Abstract:Simulations of biophysical systems have provided a huge contribution to our fundamental understanding of human physiology and remain a central pillar for developments in medical devices and human machine interfaces. However, despite their successes, such simulations usually rely on highly computationally expensive numerical modelling, which is often inefficient to adapt to new simulation parameters. This limits their use in dynamic models of human behavior, for example in modelling the electric fields generated by muscles in a moving arm. We propose the alternative approach to use conditional generative models, which can learn complex relationships between the underlying generative conditions whilst remaining inexpensive to sample from.
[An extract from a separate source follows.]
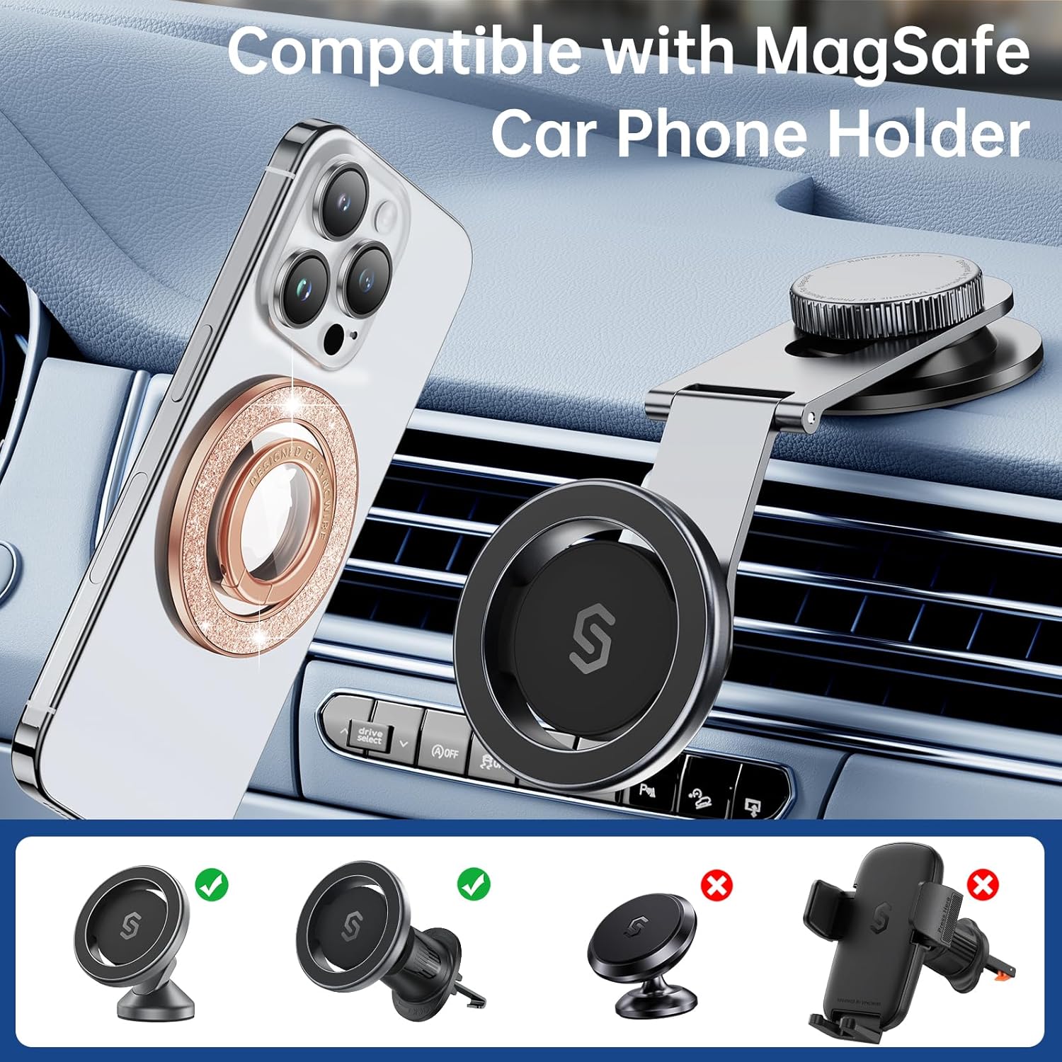 - 【Wide Compatibility】The Sycnwire MagSafe phone ring holder is designed specifically for use with MagSafe devices and certified MagSafe phone cases. The magnetic phone ring grip is also compatible with non-magnetic phones and standard phone cases with thin metal rings (provided) on their backs. Widely compatible with all Apple and Android smartphones, including iPhone 15/14/13/12 Series, iPhone 11/11Pro/X/XS/XS Max/8/7, Samsung GalaxyS23/S22/S21, Google Pixel P8 P7, and more.

As a demonstration of this concept, we present BioMime, a hybrid architecture that combines elements of deep latent variable models and conditional adversarial training to construct a generative model that can both transform existing data samples to reflect new modelling assumptions and sample new data from a conditioned distribution. We demonstrate that BioMime can learn to accurately mimic a complex numerical model of human muscle biophysics and then use this knowledge to continuously sample from a dynamically changing system in real-time. We argue that transfer learning approaches with conditional generative models are a viable solution for dynamic simulation with any numerical model.